(Provided records):
BEGIN

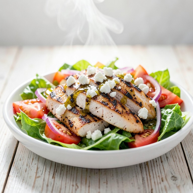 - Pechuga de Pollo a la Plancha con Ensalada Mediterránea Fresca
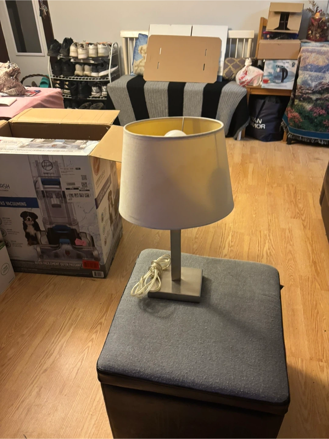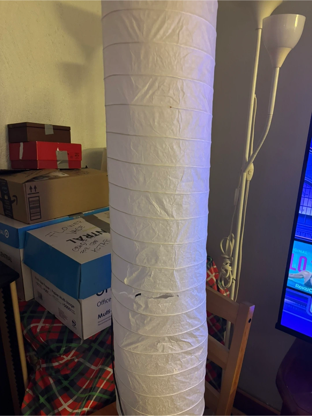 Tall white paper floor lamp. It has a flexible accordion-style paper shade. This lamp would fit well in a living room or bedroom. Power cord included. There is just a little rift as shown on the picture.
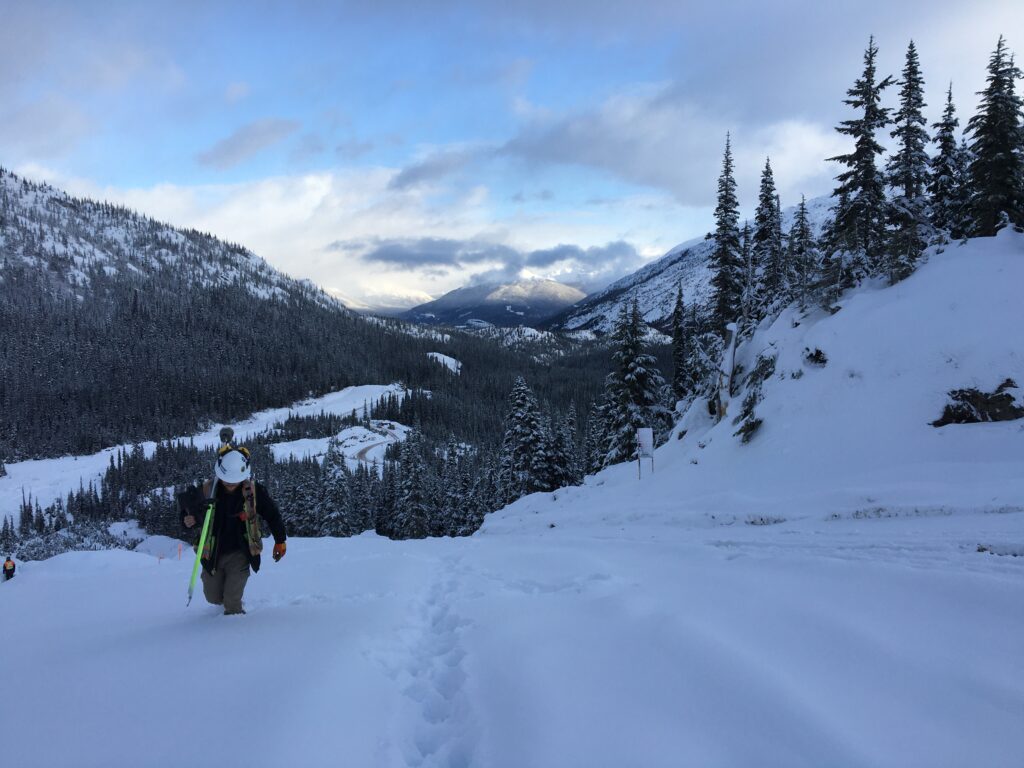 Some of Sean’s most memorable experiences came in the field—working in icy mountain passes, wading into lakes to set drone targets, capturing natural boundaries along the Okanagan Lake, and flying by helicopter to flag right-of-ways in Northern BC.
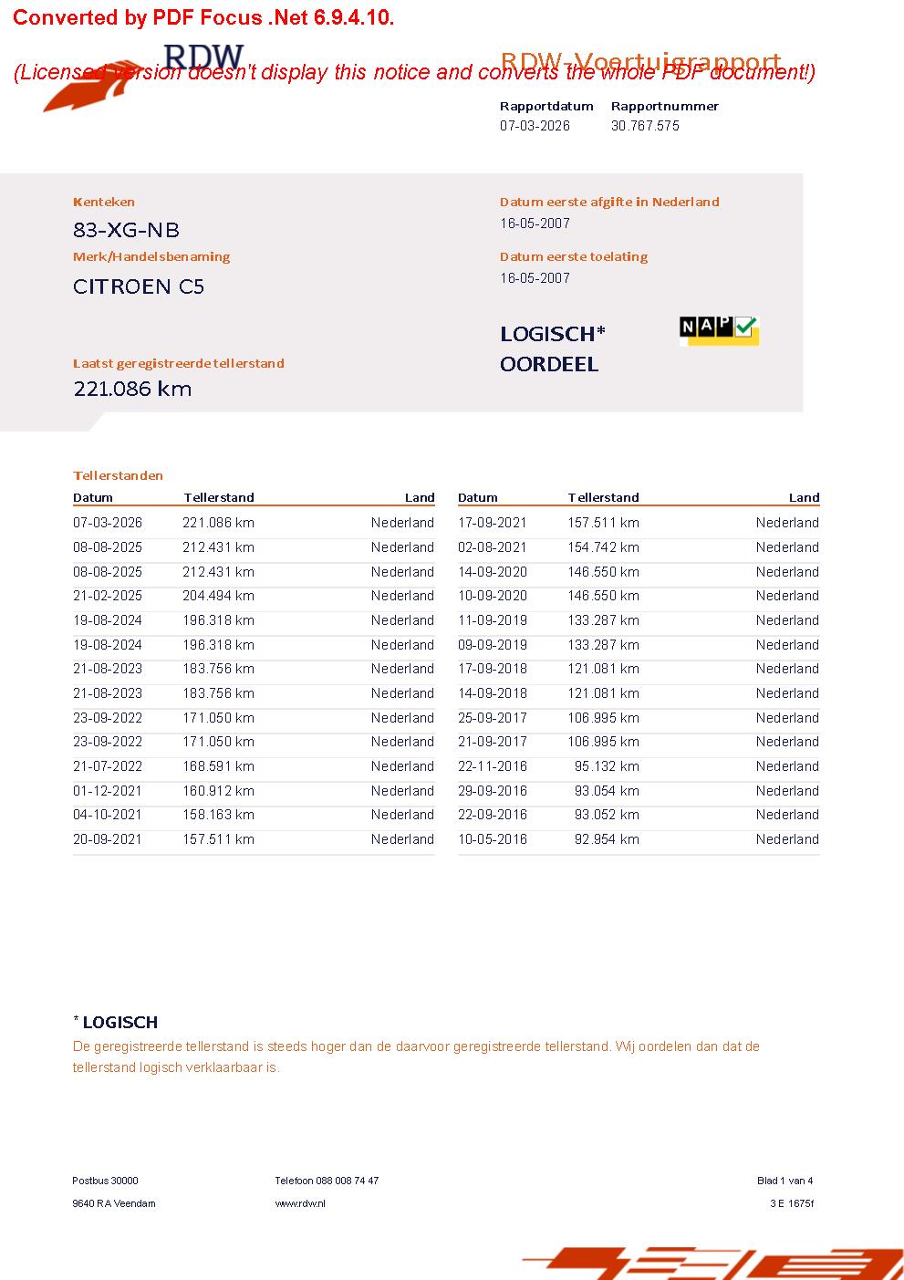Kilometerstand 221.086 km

END
BEGIN

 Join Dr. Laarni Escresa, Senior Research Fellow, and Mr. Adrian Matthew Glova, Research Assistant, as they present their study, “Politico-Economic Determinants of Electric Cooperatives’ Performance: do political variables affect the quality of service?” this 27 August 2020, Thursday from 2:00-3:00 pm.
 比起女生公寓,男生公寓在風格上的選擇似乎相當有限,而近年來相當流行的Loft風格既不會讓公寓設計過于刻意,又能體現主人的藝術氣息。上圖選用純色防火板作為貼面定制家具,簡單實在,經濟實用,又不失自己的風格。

END
BEGIN

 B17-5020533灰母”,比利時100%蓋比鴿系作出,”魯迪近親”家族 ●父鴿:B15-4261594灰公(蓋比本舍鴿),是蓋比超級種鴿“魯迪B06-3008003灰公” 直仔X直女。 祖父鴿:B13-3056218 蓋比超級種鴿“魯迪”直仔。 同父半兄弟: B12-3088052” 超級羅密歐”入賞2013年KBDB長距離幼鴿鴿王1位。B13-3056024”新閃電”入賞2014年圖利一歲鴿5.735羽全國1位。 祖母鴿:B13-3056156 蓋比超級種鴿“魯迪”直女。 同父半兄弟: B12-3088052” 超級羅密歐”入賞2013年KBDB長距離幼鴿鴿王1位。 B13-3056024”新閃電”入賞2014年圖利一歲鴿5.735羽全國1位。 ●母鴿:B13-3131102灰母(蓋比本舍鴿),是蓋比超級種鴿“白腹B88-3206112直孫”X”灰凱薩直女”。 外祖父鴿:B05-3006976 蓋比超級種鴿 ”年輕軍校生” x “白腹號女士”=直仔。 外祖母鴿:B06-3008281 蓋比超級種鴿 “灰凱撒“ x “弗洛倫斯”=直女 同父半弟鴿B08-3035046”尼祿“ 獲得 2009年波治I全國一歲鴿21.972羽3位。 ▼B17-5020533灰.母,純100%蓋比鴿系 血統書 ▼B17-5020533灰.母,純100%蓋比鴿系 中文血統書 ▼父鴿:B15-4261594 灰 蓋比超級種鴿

END

(Exercise instructions): Look above for the line with "Join Dr. Laarni"; retype exactly that line, every line after it up to the line with "比起女生公寓,男生公寓在風格", and that line too, nothing else.

(Answer space):
 Join Dr. Laarni Escresa, Senior Research Fellow, and Mr. Adrian Matthew Glova, Research Assistant, as they present their study, “Politico-Economic Determinants of Electric Cooperatives’ Performance: do political variables affect the quality of service?” this 27 August 2020, Thursday from 2:00-3:00 pm.
 比起女生公寓,男生公寓在風格上的選擇似乎相當有限,而近年來相當流行的Loft風格既不會讓公寓設計過于刻意,又能體現主人的藝術氣息。上圖選用純色防火板作為貼面定制家具,簡單實在,經濟實用,又不失自己的風格。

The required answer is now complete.